_Recorded information_.

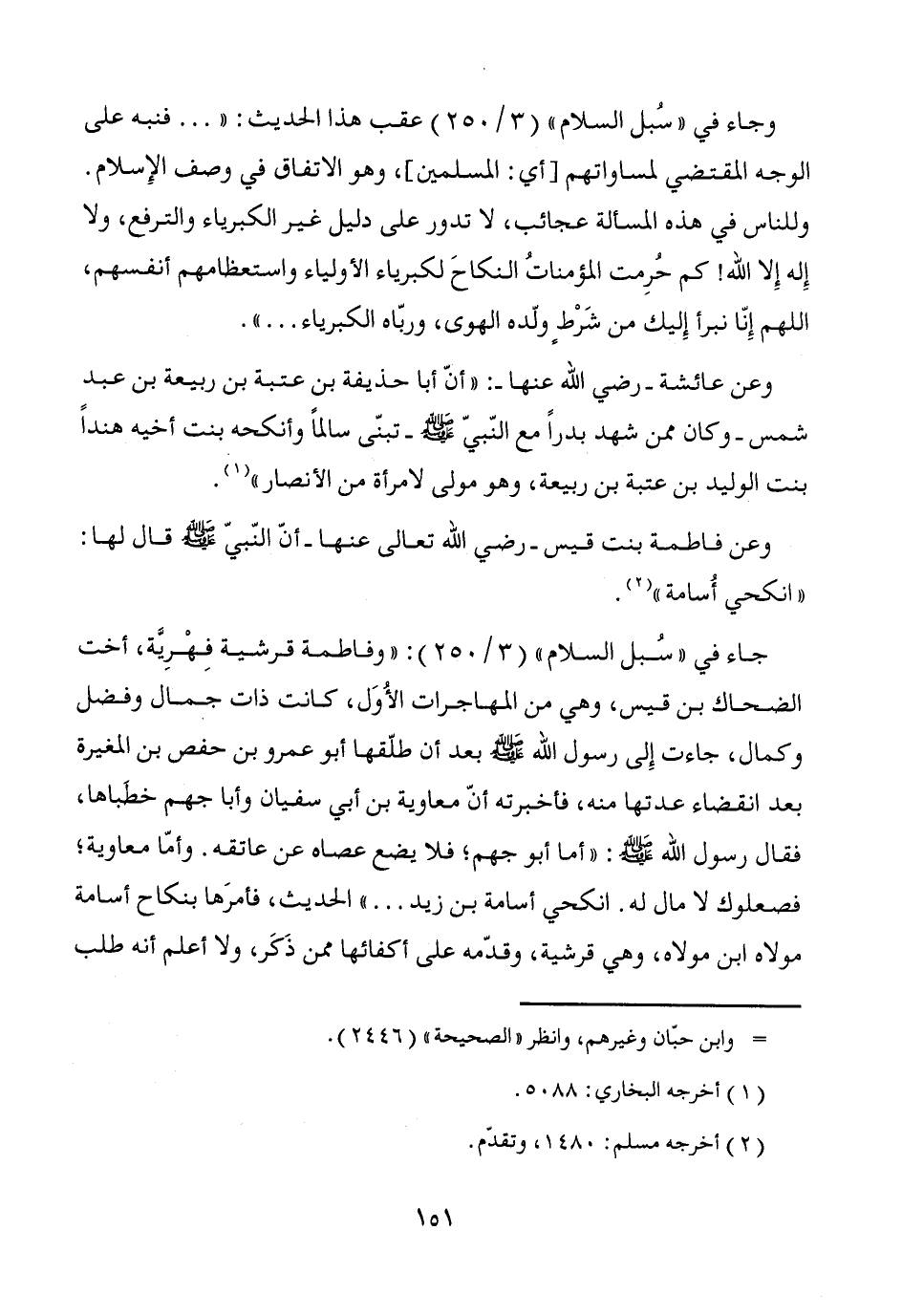 وعن فاطمة بنت قيس -رضي الله تعالى عنها- أنّ النّبيّ - صَلَّى اللَّهُ عَلَيْهِ وَسَلَّمَ - قال لها: "انكحي أُسامة" (¬2).
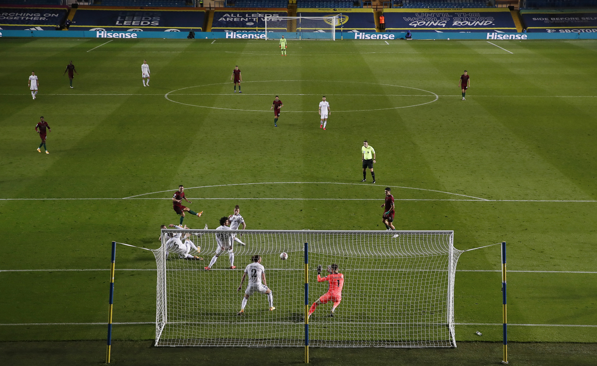 Leeds dominated possession in the opening half, firing crosses into the box at a variety of angles and threatening from set pieces without creating much in the way of clear-cut chances.
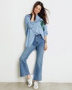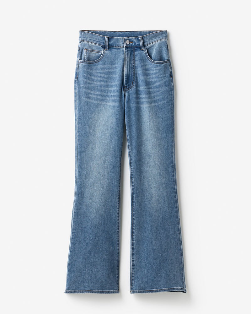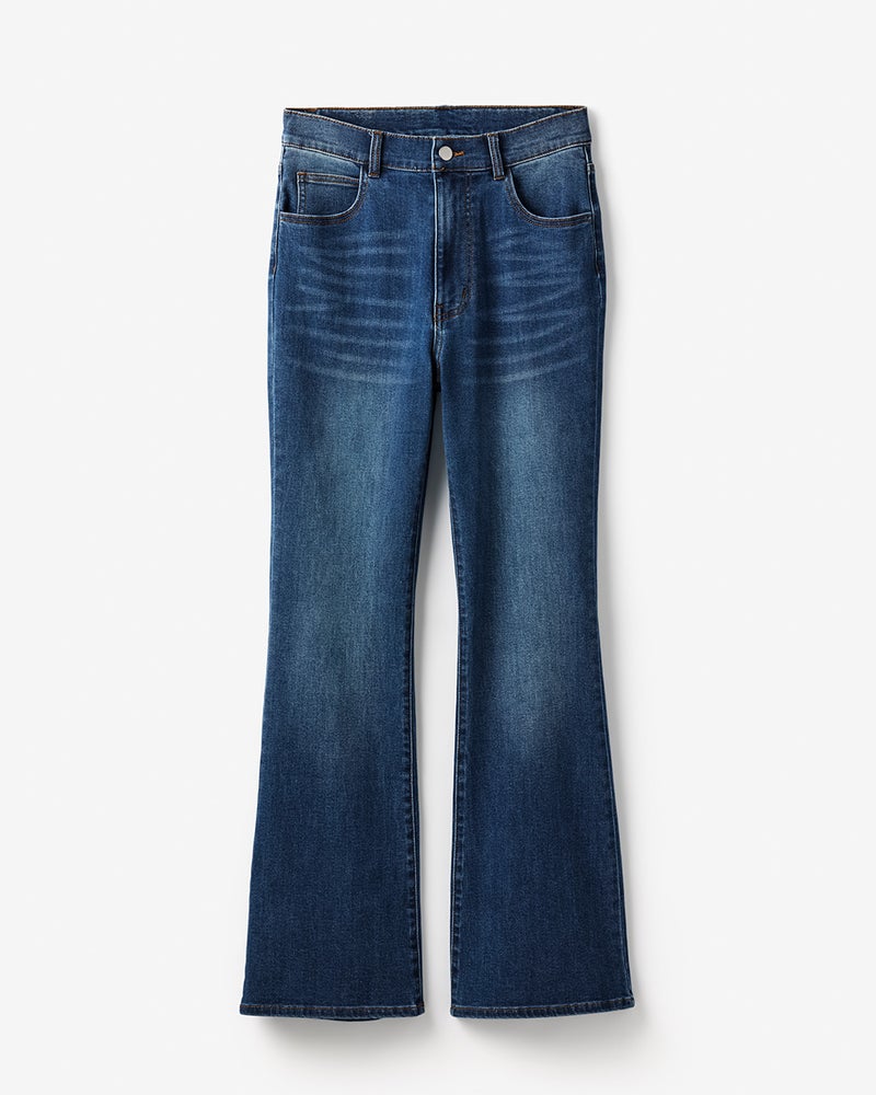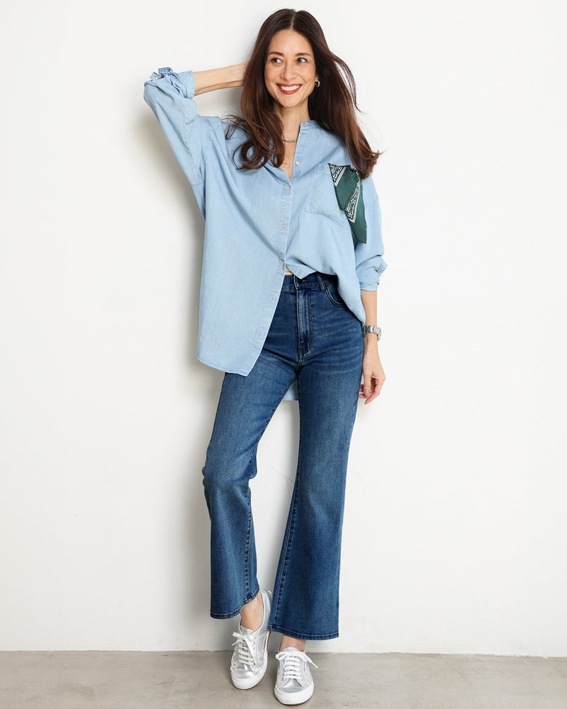 オールシーズン着回しやすい軽さがうれしい9.5オンスのライトデニムは、上質な生地感ながら楽々ストレッチして、抜群の動きやすさです。きれいめに着こなしたい方にお勧めしたいのが、女性らしいフレアデニム。膝から下が緩やかに広がるシルエットが、骨格悩みをカバーしながら脚長美脚を演出します。
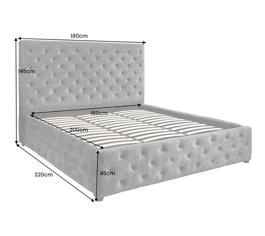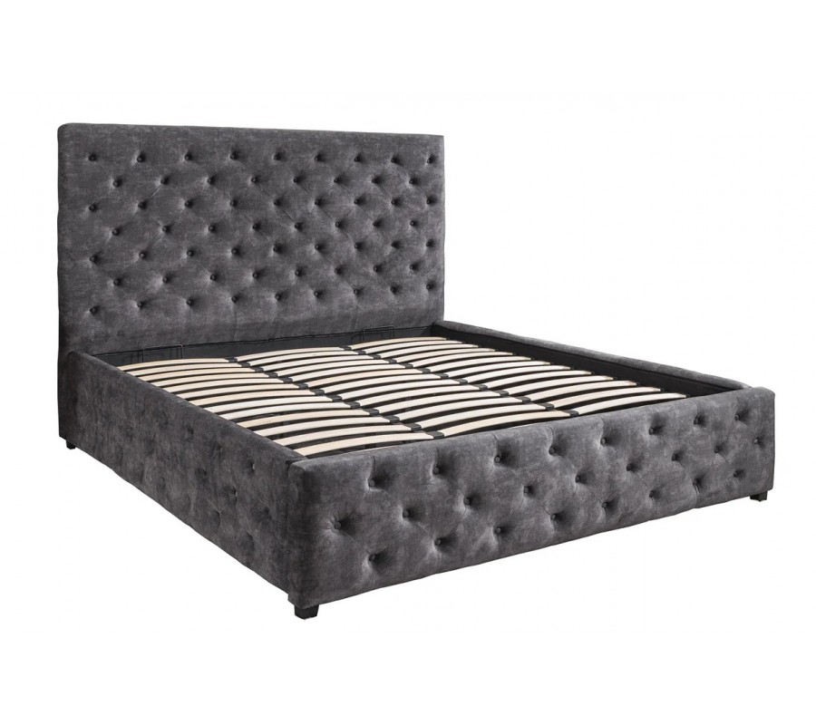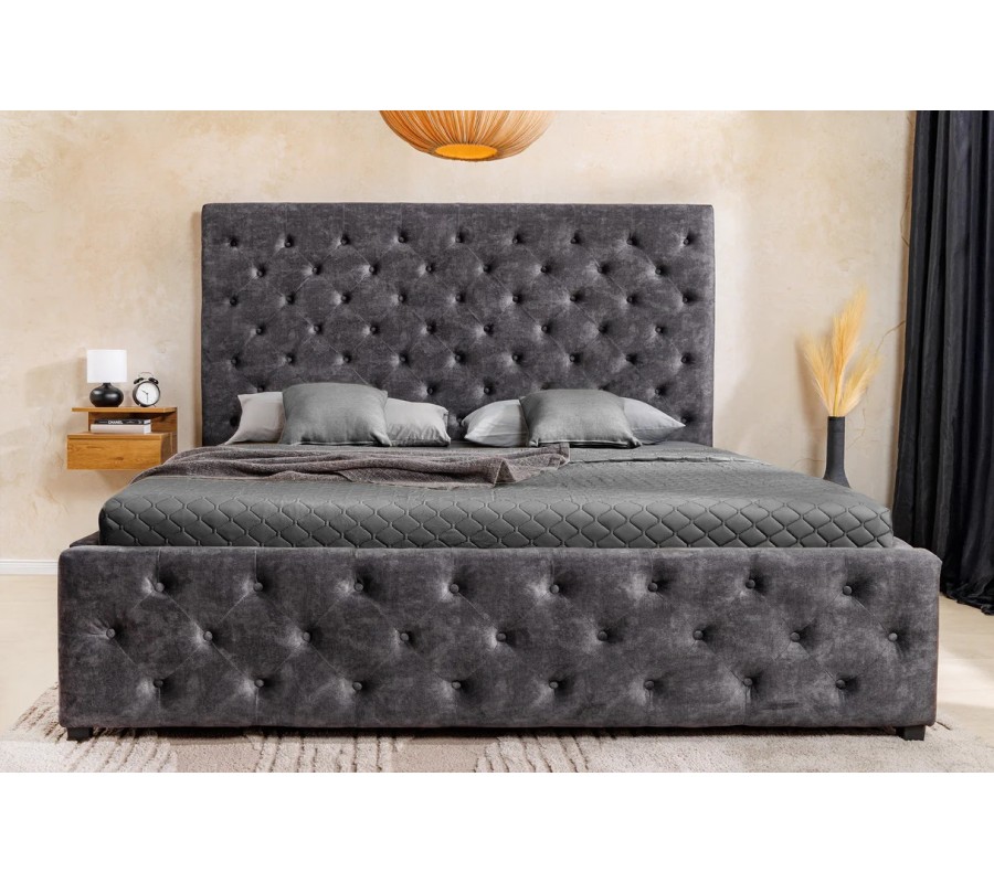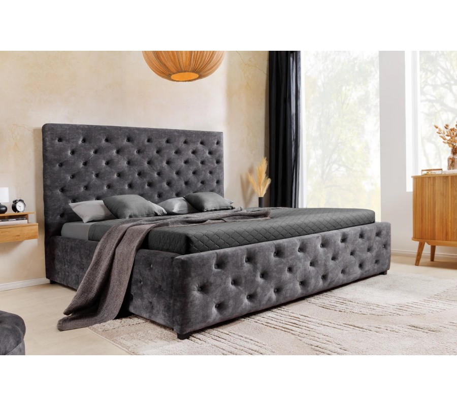 Moderní čalouněná manželská postel Kreon s úložným prostorem a šedým sametovým potahem s chesterfield prošíváním 180 cm

_Problem details_. With the images removed, reproduce all the material above word for word.

_Task result_.
 وعن فاطمة بنت قيس -رضي الله تعالى عنها- أنّ النّبيّ - صَلَّى اللَّهُ عَلَيْهِ وَسَلَّمَ - قال لها: "انكحي أُسامة" (¬2).
 Leeds dominated possession in the opening half, firing crosses into the box at a variety of angles and threatening from set pieces without creating much in the way of clear-cut chances.
 オールシーズン着回しやすい軽さがうれしい9.5オンスのライトデニムは、上質な生地感ながら楽々ストレッチして、抜群の動きやすさです。きれいめに着こなしたい方にお勧めしたいのが、女性らしいフレアデニム。膝から下が緩やかに広がるシルエットが、骨格悩みをカバーしながら脚長美脚を演出します。
 Moderní čalouněná manželská postel Kreon s úložným prostorem a šedým sametovým potahem s chesterfield prošíváním 180 cm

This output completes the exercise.